Delivery Guarantees
Source Connector
The source connector guarantees "at least once" delivery of the latest version of each document.
In some situations, the source connector may "rewind" the document stream and restart from an earlier point in history.
Except for rewinding, the source connector preserves the order of changes within the same Couchbase partition (or "virtual bucket"), and changes to a document are published in the order they occurred.
The order between changes in different Couchbase partitions is not guaranteed.
When a document is removed from Couchbase due to expiration, the connector does not publish the deletion until the expired document is purged from Couchbase.
The source connector does not guarantee every version of a document will be reflected in the Kafka topic.
For example, if a Couchbase document value changes rapidly from V1 → V2 → V3 , or if the connector is not running when the change occurs, the connector is only guaranteed to publish the latest value (V3 ).
In other words, changes to the same document may be "deduplicated", in which case only the latest version is published.
|
For use cases that require every document version be reflected in the event stream, some possible options are:
-
Configure the source bucket and/or collections to preserve historical document versions (requires Couchbase Server 7.2 or later). The connector publishes every historical document version it encounters. Be aware that Couchbase Server does not store historical document versions forever. Document changes that are evicted from history become eligible for deduplication. See the Change History page.
-
Alternatively, treat the documents as immutable, and write a new document for each application event. In other words, make
V1
,V2
, andV3
separate documents. -
A third option is to include a version history inside each document. For example, the first version of a document would be just
[V1]
. The second version would addV2
, resulting in[V1,V2]
. After addingV3
, it would be[V1,V2,V3]
.
Sink Connector
The sink connector guarantees "at least once" delivery of each record in the Kafka topic. In other words, the sink connector guarantees it will write every Kafka record to Couchbase, unless the record is intentionally discarded by a custom sink handler.

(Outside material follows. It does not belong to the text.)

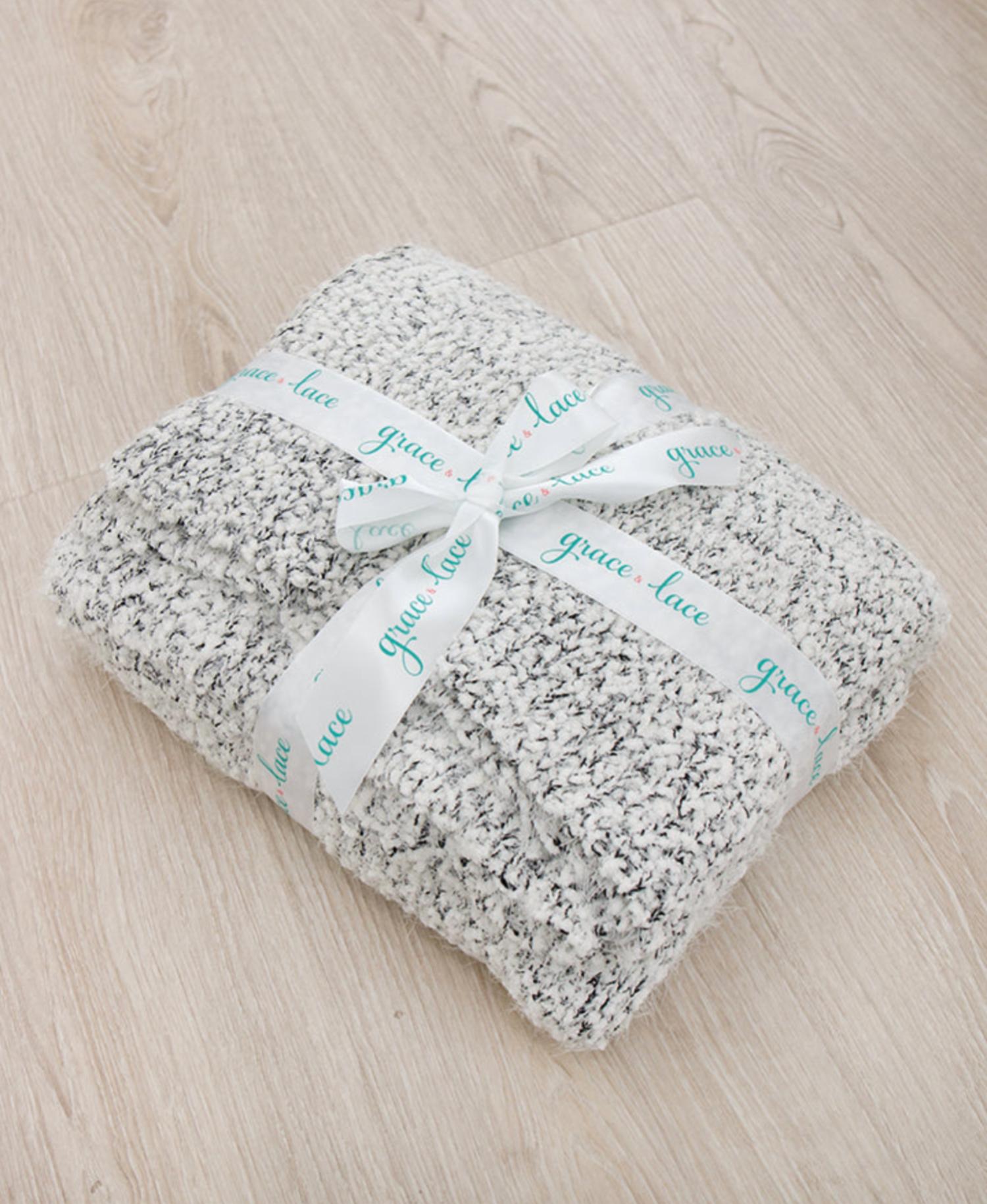 Introducing the Ultra Soft Throw Blanket by Grace and Lace, an indulgent addition to any home with its luxurious, weighty wubby knit fabric. In a sophisticated blend of black and white, this blanket measures a generous 65" in length and 56" in width. Crafted from a rich composition of 55% Polyester, 31% Polyamide, and 14% Acrylic, it's designed for both style and comfort. Care is effortless with options to hand wash cold or machine wash on a gentle cycle, with a recommendation to lay flat to dry.

To improve the likelihood that every write survives a Couchbase Server failover event, consider configuring the couchbase.durability config property.
|
If the sink connector fails to write a record to Couchbase, it will retry up to the timeout specified by the couchbase.retry.timeout
config property.
If the timeout expires before the write succeeds, the connector terminates.
When you restart the connector, it resumes reading from the Kafka topic at an offset prior to where it stopped. As a result, some records might get written to Couchbase more than once.
Unless the sink connector is reprocessing records after a restart, it preserves the order of changes within the same Kafka partition, and records are written to Couchbase in the order they were published to the topic.
The order between writes for records in different Kafka partitions is not guaranteed.
Avoid random partition assignment
To guarantee documents in Couchbase are eventually consistent with the records in the Kafka topic, avoid random Kafka partition assignment when publishing to the topic.
Always use the default partition assignment strategy, or some other strategy that assigns records with the same key to the same partition.
|